October 1, 2017
In
Musings, Research
By
mlantin
The Basically Good Media Lab (BGML) has acquired a Hololens. This has been a long time coming, partially because I was waiting for the technology to come down in price. I have a loose rule that if I can’t buy at least two of something comfortably, I don’t think it’s social enough to have it. Being together in reality (*R?) is one of the tenets of the BGML.
I broke the rule because AR is seeping into the mainstream with ARKit and it seemed like experiencing what is currently the state of the art in AR would be a good thing. I want to have a feel for AR in the same way that I have a feel for VR.
Last weekend, I brought the Hololens home and spent some time with it, about an hour and a half. When I went back to my iPhone, it felt like ancient technology. More than ever I am convinced that AR is the future. Besides playing around with putting 3D models and animations in my kitchen (totally magical!), I experimented with the games that came pre-installed in the Hololens. There was a game that had silverfish-like robots coming out of the walls, which required artful dodging and shooting. I loved how much it induced movement and how I was not afraid to move since this was my own kitchen and I knew exactly where I was at any moment (unlike VR…where there’s always some mystery even with motion capture).
But then I tried a game called Fragments. When it starts, a man appears in my kitchen. This is not a man I would necessarily invite into my kitchen. I’m creeped out and take off the headset. A friend who is in the kitchen with me is curious about me being creeped out and puts the headset on.

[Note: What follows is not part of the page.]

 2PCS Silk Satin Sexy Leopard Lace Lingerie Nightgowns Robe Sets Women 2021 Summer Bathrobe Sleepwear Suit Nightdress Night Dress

He continues the game. He then gets creeped out and takes it off. I get curious and put the headset back on. I turn and to my horror I see a young boy kneeling with a gun to his head. I immediately take the headset off. Now here’s the interesting thing. I now have a memory of this boy with a gun to his head in my kitchen. It’s a spatial memory and I can’t seem to shake it. There is something about an embedded virtual spatial narrative into my known physical space that caused a memory to be viscerally recorded in a way that a narrative on a 2D screen (or even VR) is not.

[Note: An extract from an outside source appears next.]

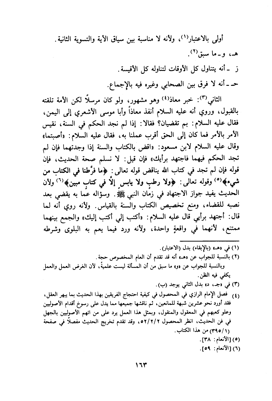 الثاني (٣): خبر معاذ (٤) وهو مشهور، ولو كان مرسلًا لكن الأمة تلقته بالقبول، وروي أنَّه عليه السلام أنفذ معاذًا وأبا موسى الأَشْعريّ إلى اليمن، فقال عليه السلام: بم تقضيان؟ فقالا: إذا لم نجد الحكم في السنة، نقيس الأمر بالأمر فما كان إلى الحق أقرب عملنا به، فقال عليه السلام: "أصبتما" وقال عليه السلام لابن مسعود: "اقصر بالكتاب والسنة إذا وجدتهما فإن لم تجد الحكم فيهما فاجتهد برأيك" فإن قيل: لا نسلم صحة الحديث، فإن قوله فإن لم تجد في كتاب الله يناقض قوله تعالى: {مَا فَرَّطْنَا فِي الْكِتَابِ مِنْ شَيْءٍ} (٥) وقوله تعالى: {وَلَا رَطْبٍ وَلَا يَابِسٍ إِلَّا فِي كِتَابٍ مُبِينٍ} (٦) ولأن الحديث يفيد جواز الاجتهاد في زمًان النَّبِيّ - صلى الله عليه وسلم -. وسؤاله عما به يقضي بعد نصبه للقضاء، ومنع تخصيص الكتاب والسنة بالقياس. ولأنه روي أنَّه لما قال: أجتهد برأي قال عليه السلام: "أكتب إلى أكتب إليك" والجمع بينهما ممتنع, لأنهما في واقعةٍ واحدة، ولأنه ورد فيما يعم به البلوى وشرطه

This brings up a lot of issues including ethics of representation in VR and AR, and informed consent in some cases. Jordon Wolfson’s “Real Violence” shocked me in a similar way at the Whitney Biennale. But even that piece didn’t stick in my memory in the same way. It may be that over time, I would become used to the idea of virtual characters and stories in my personal spaces and they would no longer impact me in that visceral way. But for now, I am pondering the role of spatial memory in emotional impact. I am used to being emotionally affected and sometimes shocked by screened movies but the memory of those narratives lives somewhere a lot more abstracted than this little boy with a gun to his head, in my kitchen.